But the sudden departure comes amid a number of uncomfortable circumstances and came right before PIMCO was set to remove him, according to the New York Times. Running up to his department were reports of erratic behavior, questions about his leadership, the declining performance of the funds he directed, and a Securities and Exchange Commission investigation into a fund he managed.

He was so associated with PIMCO that as of this morning his picture was still at the top center of the company's website. The 70-year-old made a $200 million annual salary, according to Business Insider. Gross is personally worth $2.3 billion, according to a Forbes estimate, was instrumental in PIMCO managing $2 trillion in assets. His work at the company reportedly made him the most powerful figure in the bond industry, as he managed, at $236 billion, the Total Return Fund, the largest bond fund in the world.

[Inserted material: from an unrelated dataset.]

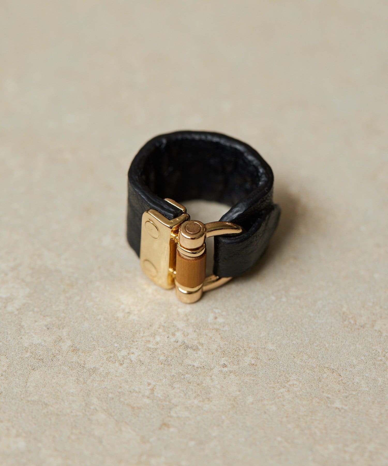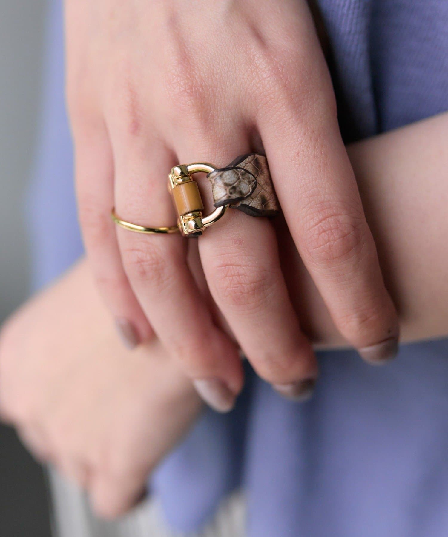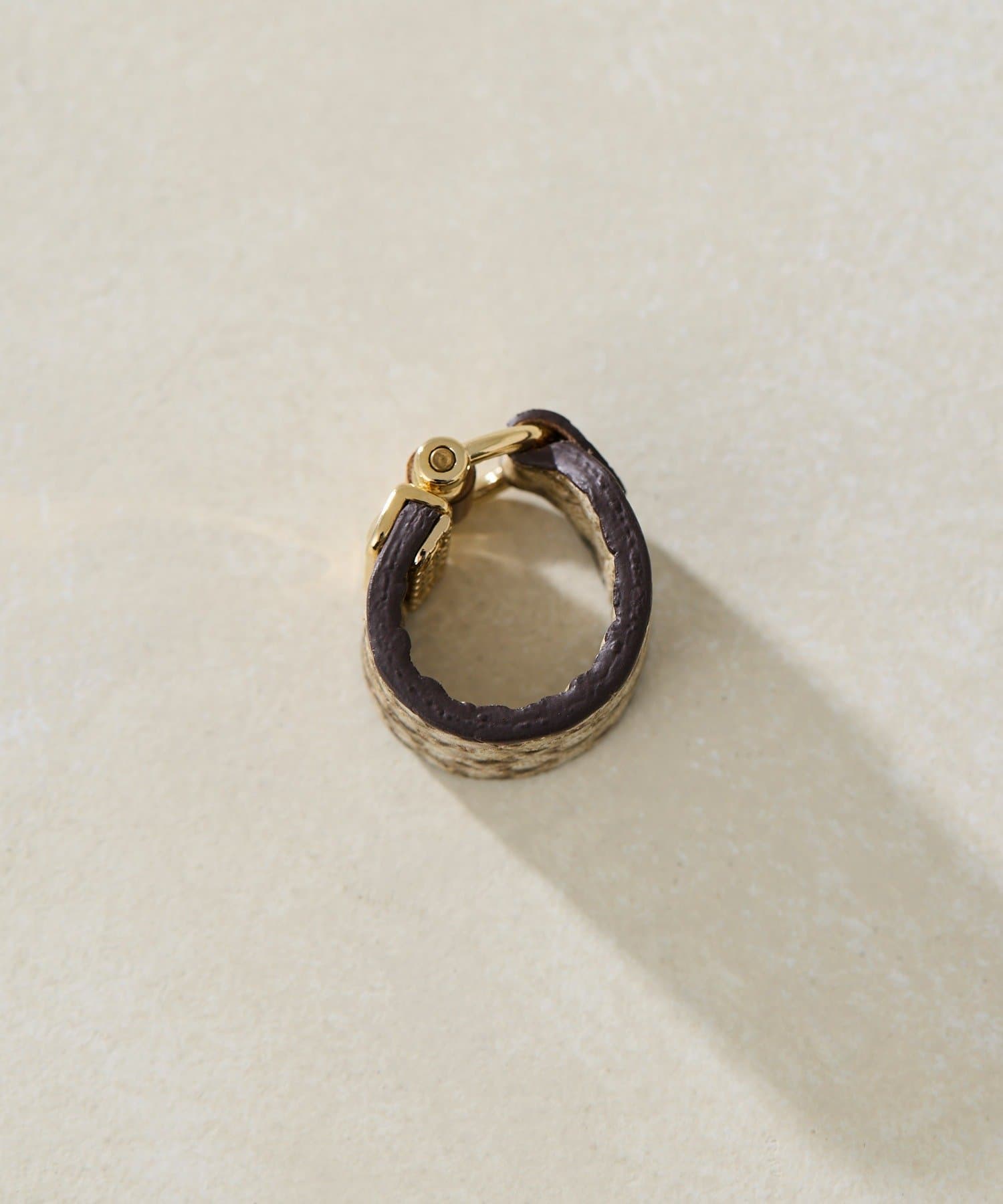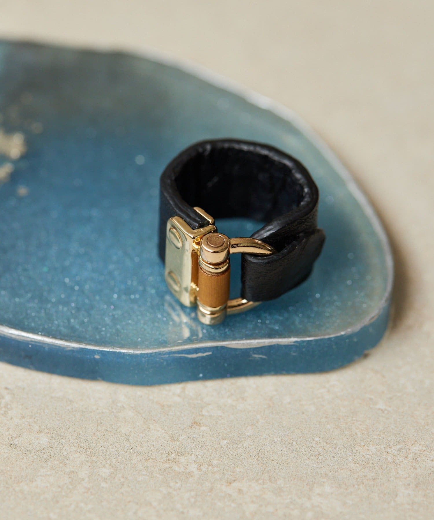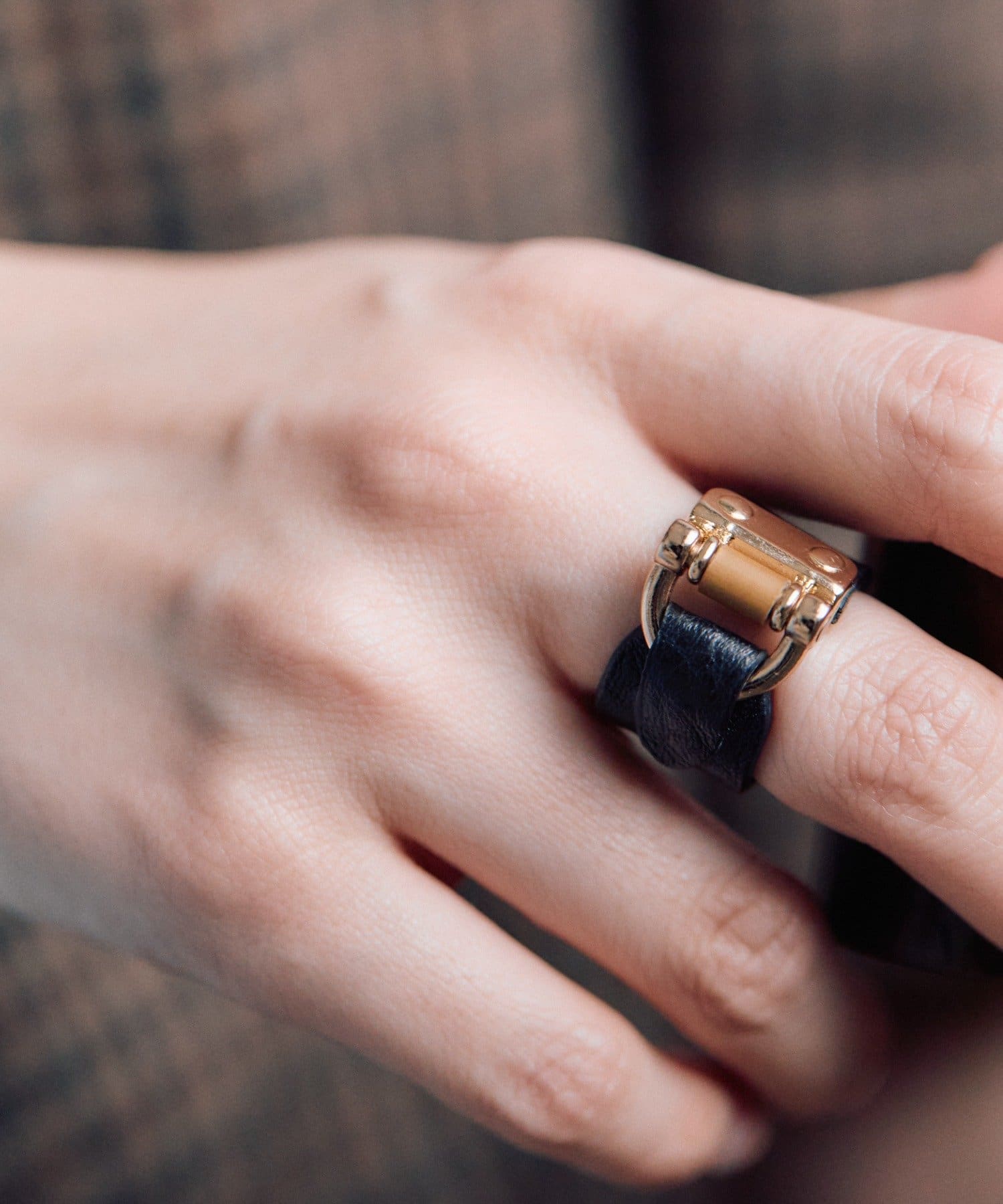 まるで小さなベルトを指に巻いたような、遊び心あふれるリング。

But over the last year, things began to deteriorate. Total Return Fund performance has lagged that of other bond funds. PIMCO CEO Mohamed El-Erian, who was supposed to take over from Gross, left the company in January. The rumored reason was "controversy over Gross's reportedly high handed management style," according to Forbes. That "sometimes included frequent outbursts," as the Times reported. The Wall Street Journal reports that PIMCO had repeatedly warned Gross about his behavior.

Then there was his personal behavior, which concerned many, including "showing up at a mutual fund industry forum to give an address wearing sunglasses and penning a monthly investor letter that was essentially an ode to his dead cat," according to the Times.

Wrapping up the package of bad news has been the SEC inquiry into whether someone artificially inflated the performance numbers of a $3.6 billion fund that Gross directly managed.

MarketWatch called that last 12 months Gross's "terrible, horrible, no good, very bad year."

According to Reuters, Gross knew he was being ousted and had threatened to quit on multiple occasions.